- Theatrical release poster
- Directed by: Radheshyam Rai;
- Written by: Radheshyam Rai; Shivraj Singh;
- Produced by: Rudra Tiwari; Rajat Tiwari; Vandana Rai;
- Starring: Sonalika Prasad; Gunjan Pant; Raaj Singh;
- Music by: Harshraj Harsh
- Production companies: Banaras Talkies; Jayant Media;
- Release date: August 7, 2026;
- Running time: 143 minutes
- Country: India
- Language: Bhojpuri

= Kawan Kasoor =

2026 Bhojpuri drama film

Kawan Kasoor is a 2026 Indian Bhojpuri-language Drama film directed and written by Radheshyam Rai and Shivraj Singh. The film stars Sonalika Prasad, Gunjan Pant and Raj Singh in lead role.
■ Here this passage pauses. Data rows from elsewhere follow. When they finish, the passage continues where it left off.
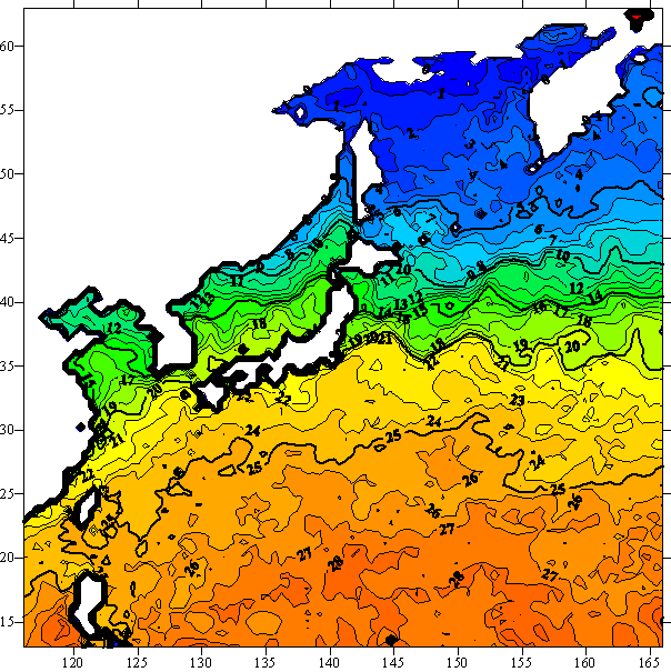 o 2004년 11월 25일 북서태평양 광역해양 수온분포 입니다.
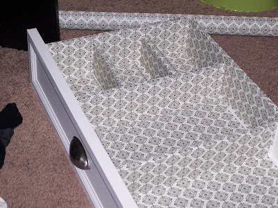 My top drawer was for my hosiery. It was snagging on the rough wood. So I used some more of my 25 cent wrapping paper that I also used on my craft desk. I used spray glue and covered the inside of the drawer.
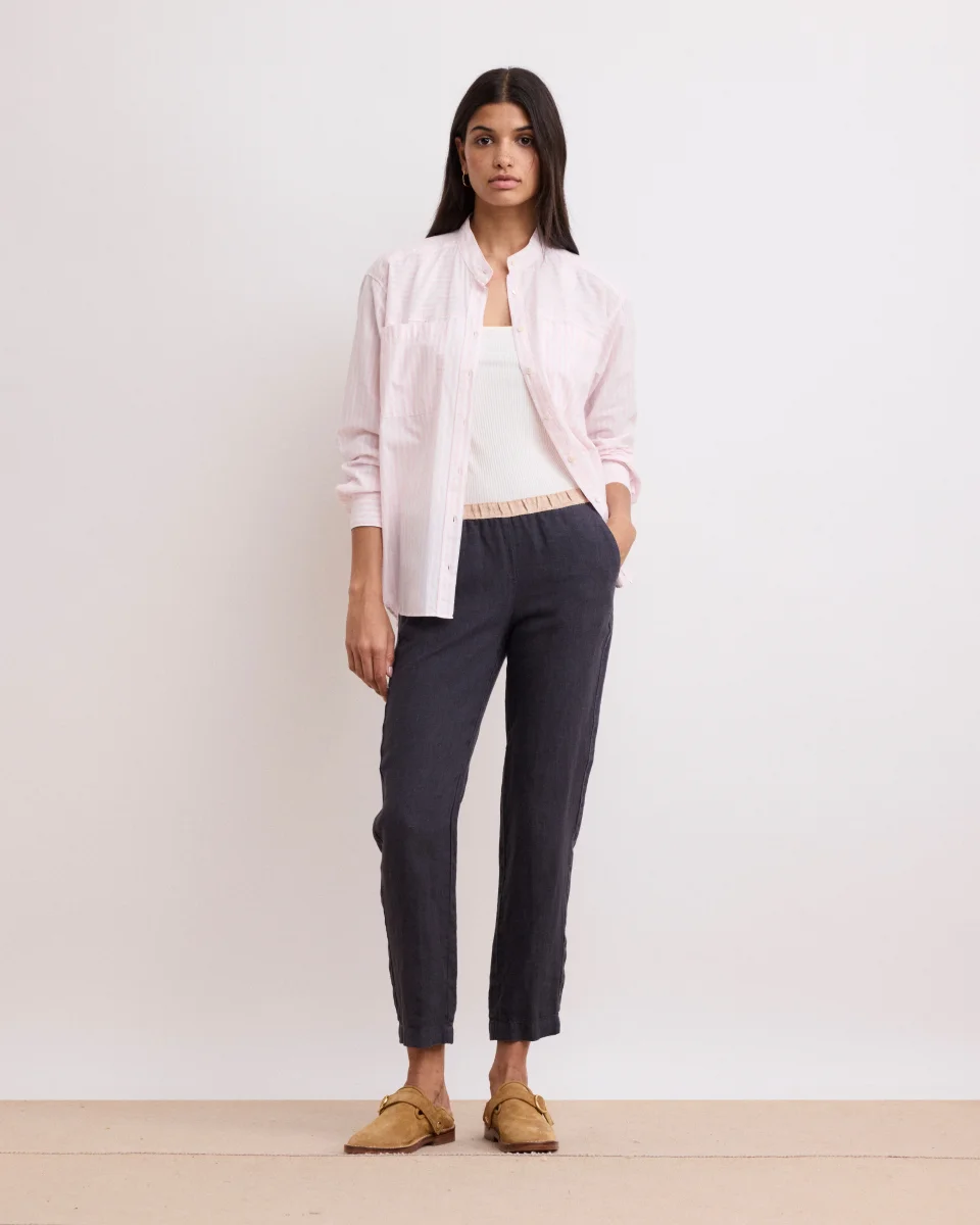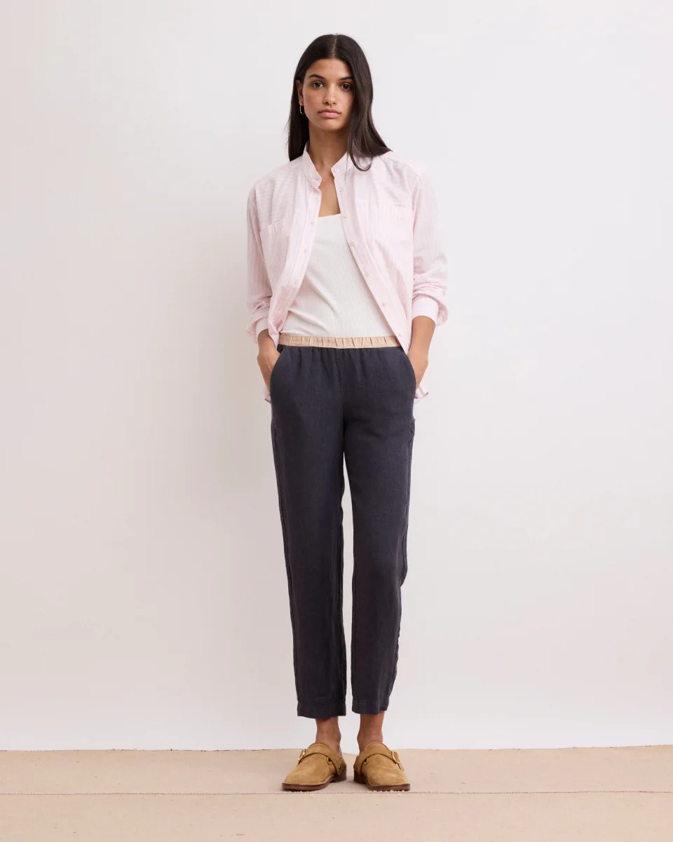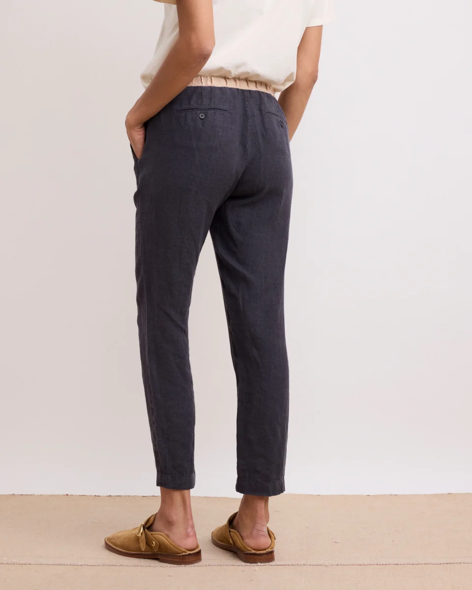 Pantalon femme coupe cigarette en lin avec ceinture élastique plissé beige. Taille basse, deux poches italiennes sur les côtés et deux poches passepoilées boutonnées dans le dos. Longueur 7/8ème.
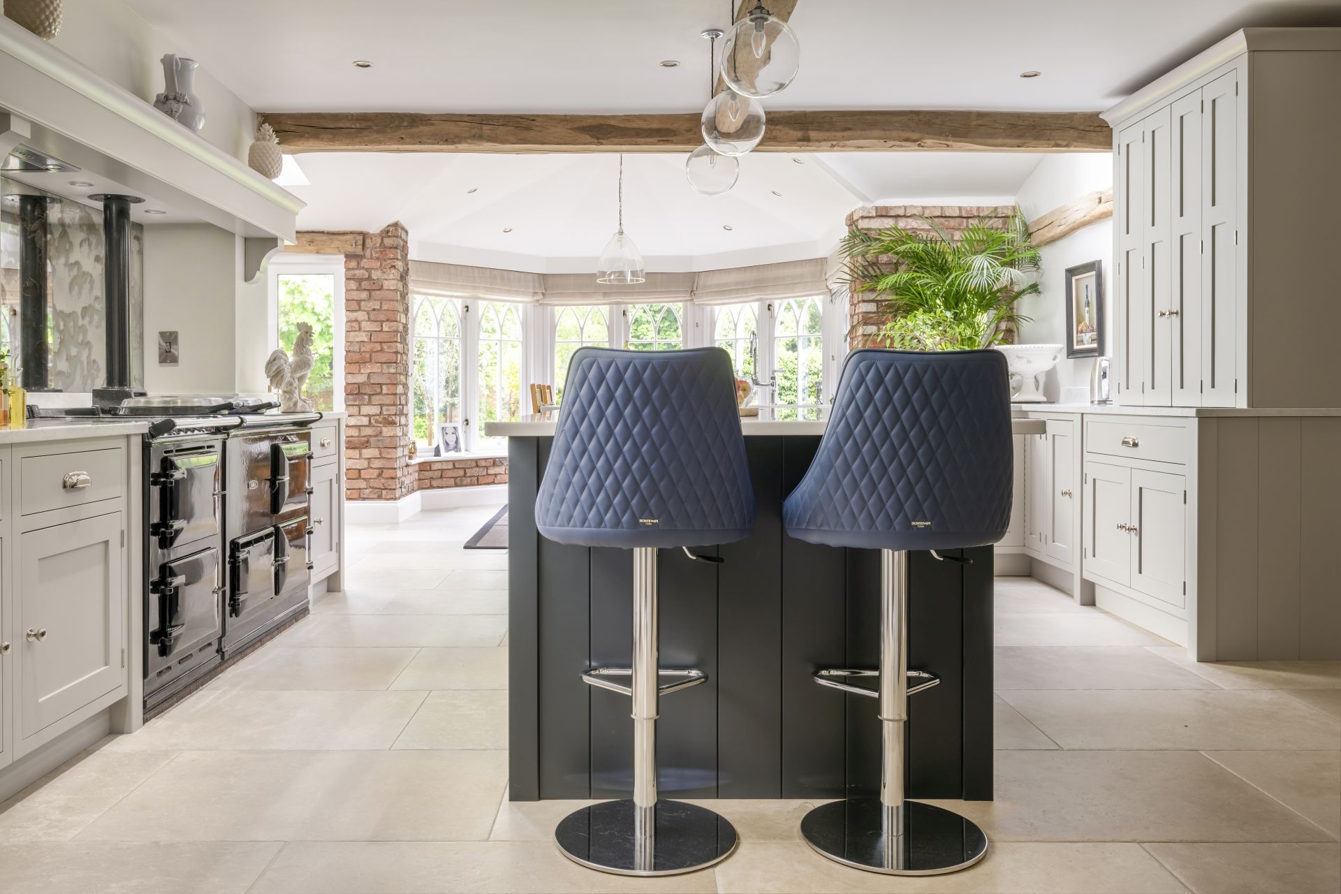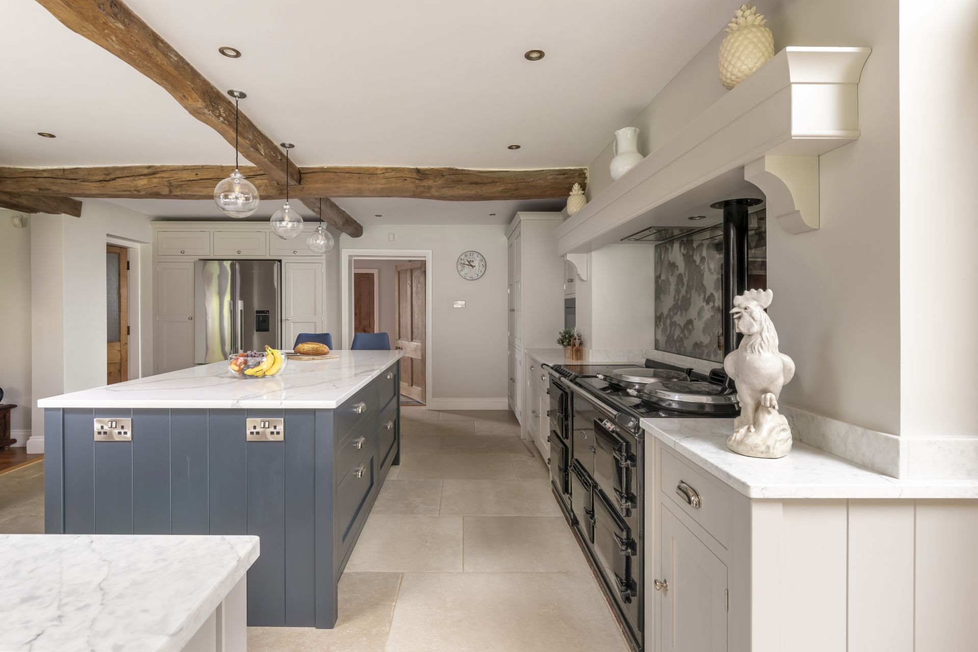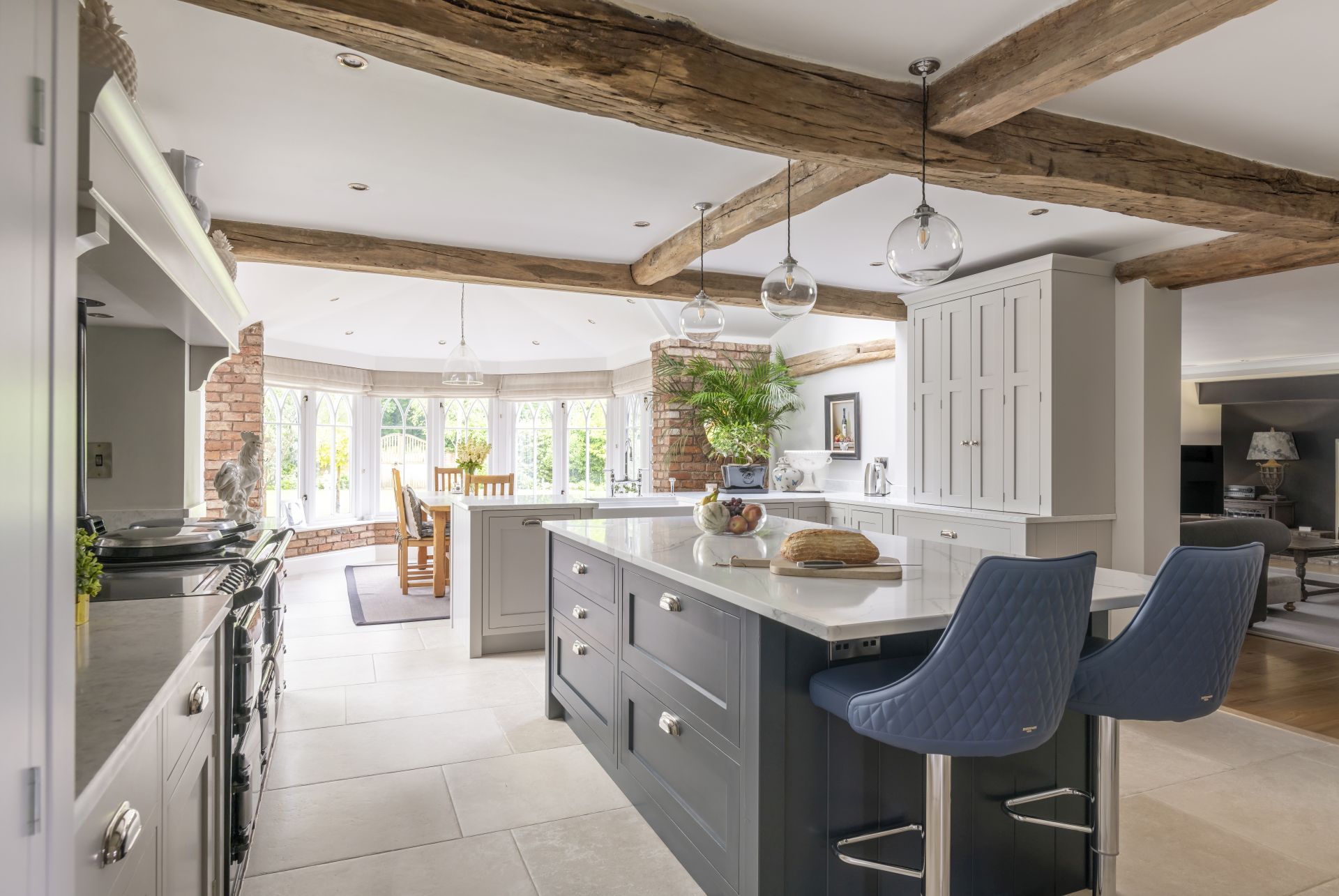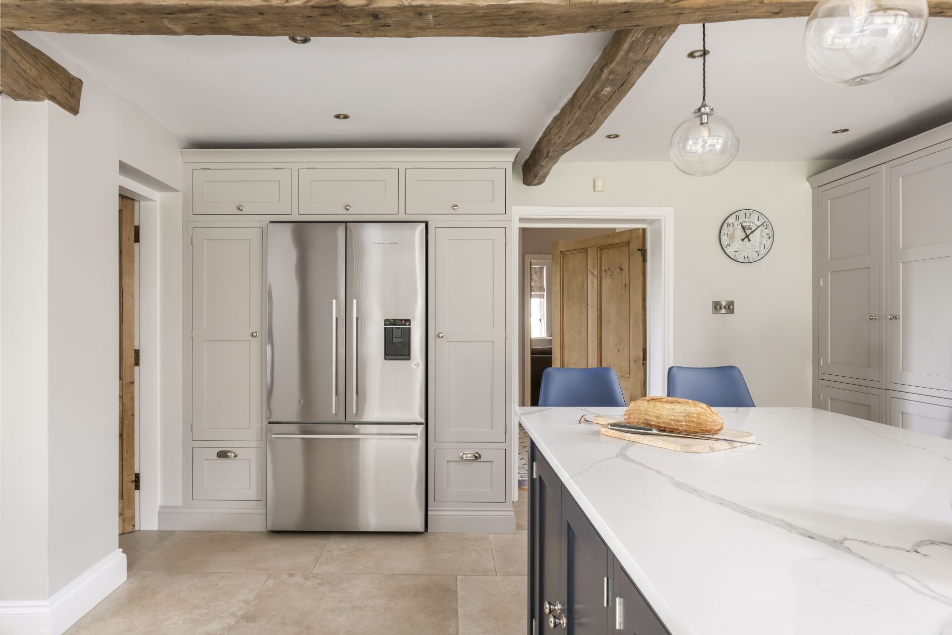 Taking its aesthetic from a timeless Shaker style, the bespoke in-frame kitchen is made to measure with the room’s exact dimensions. The larder cupboards, drawers, and hidden integrated appliances are all key parts of this bespoke handmade design, with each ideally placed to maximise space and ensure everything is easy to reach. To finish, the antiqued mirror splashback and handmade Shaker cabinetry combine to give this characterful room a delightful style and attractive look.
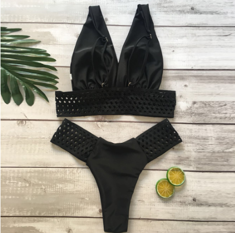 Black mesh two-piece swimsuit with lace
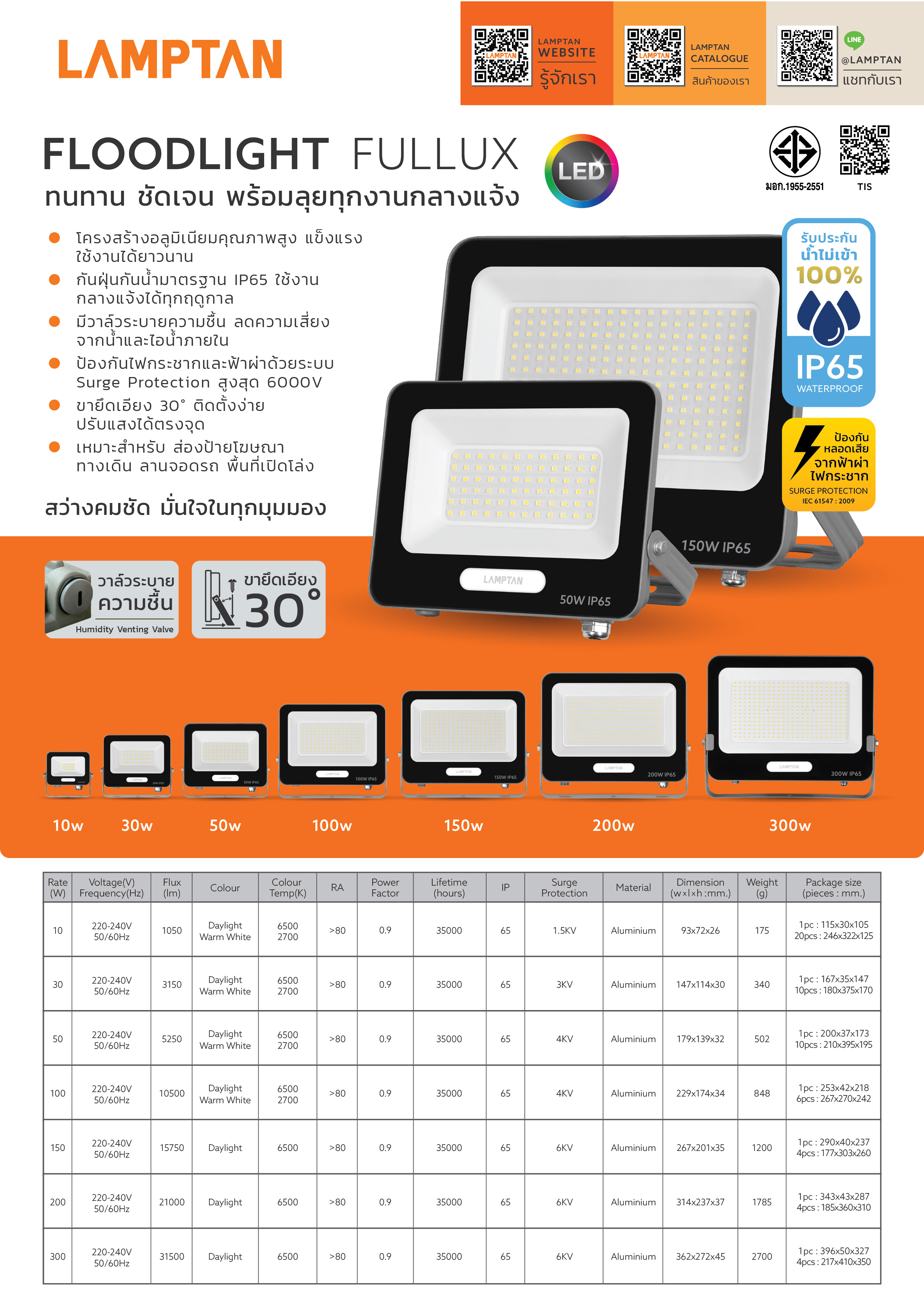 - ไฟสปอตไลท์ LED กำลังไฟ 30 วัตต์ ค่าความสว่าง 3,150 ลูเมน กระจายแสงสว่างได้ทั่วบริเวณ
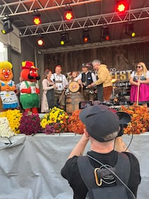 kitchener-waterloo oktoberfest kw keg beer tapping CTV cameraman Dan Lauckner captures Leighanne Evans as she taps an Oktoberfest keg in Oct. 2025. (Dan Cress/CTV News)
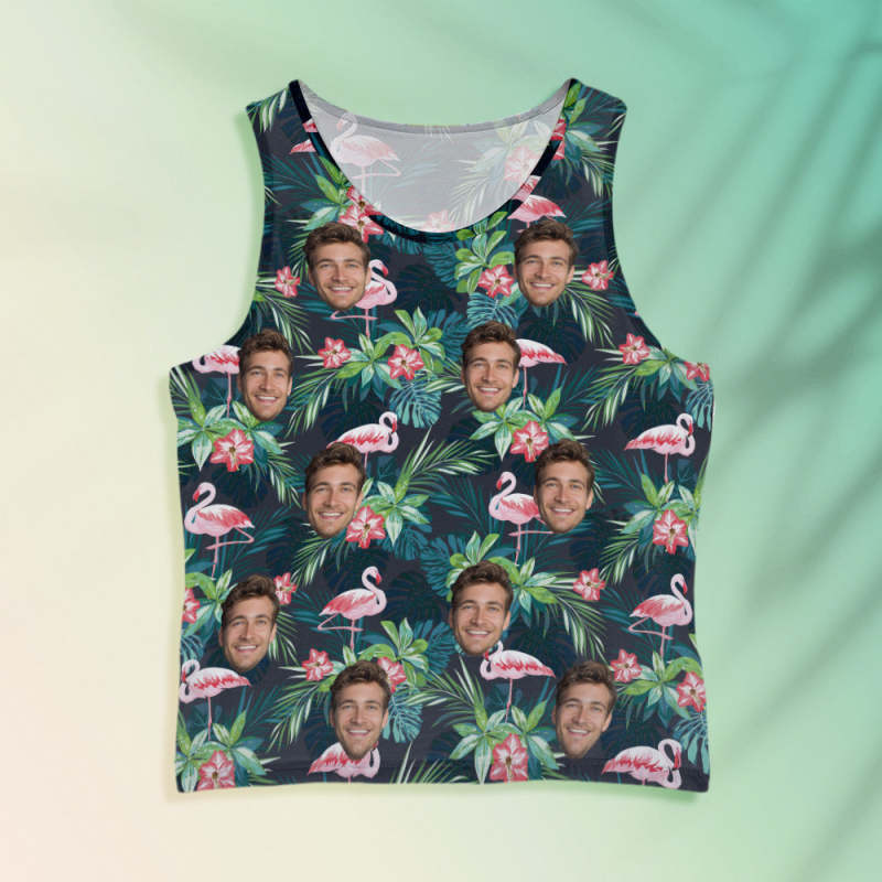 Custom Face Tank Tops Men's Sleeveless Shirt Leaves & Flamingo
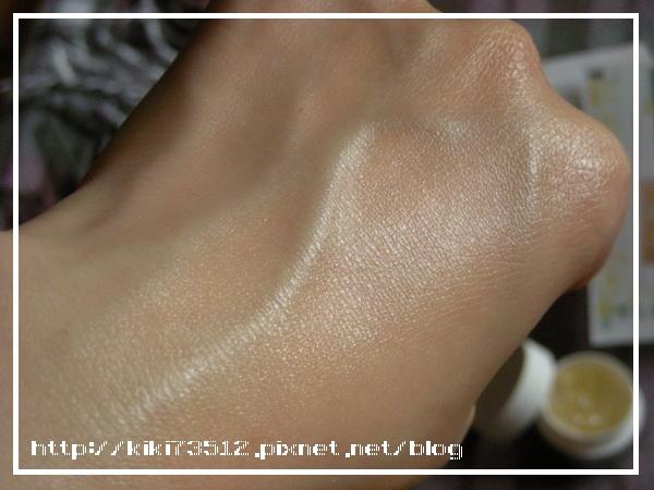 稍微抹開就可以看到金箔已經開始慢慢被肌膚吸收

The film was produced by Rudra Tiwari, Rajat Tiwari and Vandana Rai under the banner of Banaras Talkies and Jayant Media. The film was released theatrically on 7 August 2026.

==Cast==
- Sonalika Prasad as Sanjana
- Gunjan Pant as Sandhya
- Raaj Singh as Prashant
- Lalitesh Jha
- Sushil Singh
- Dheeraj Pandit
- Neelam Pandey
- Neela Singh

==Release==
Kawan Kasoor was released theatrically in India on 7 August 2026. The film was released in the Bhojpuri language and received a UA 13+ certification from the Central Board of Film Certification.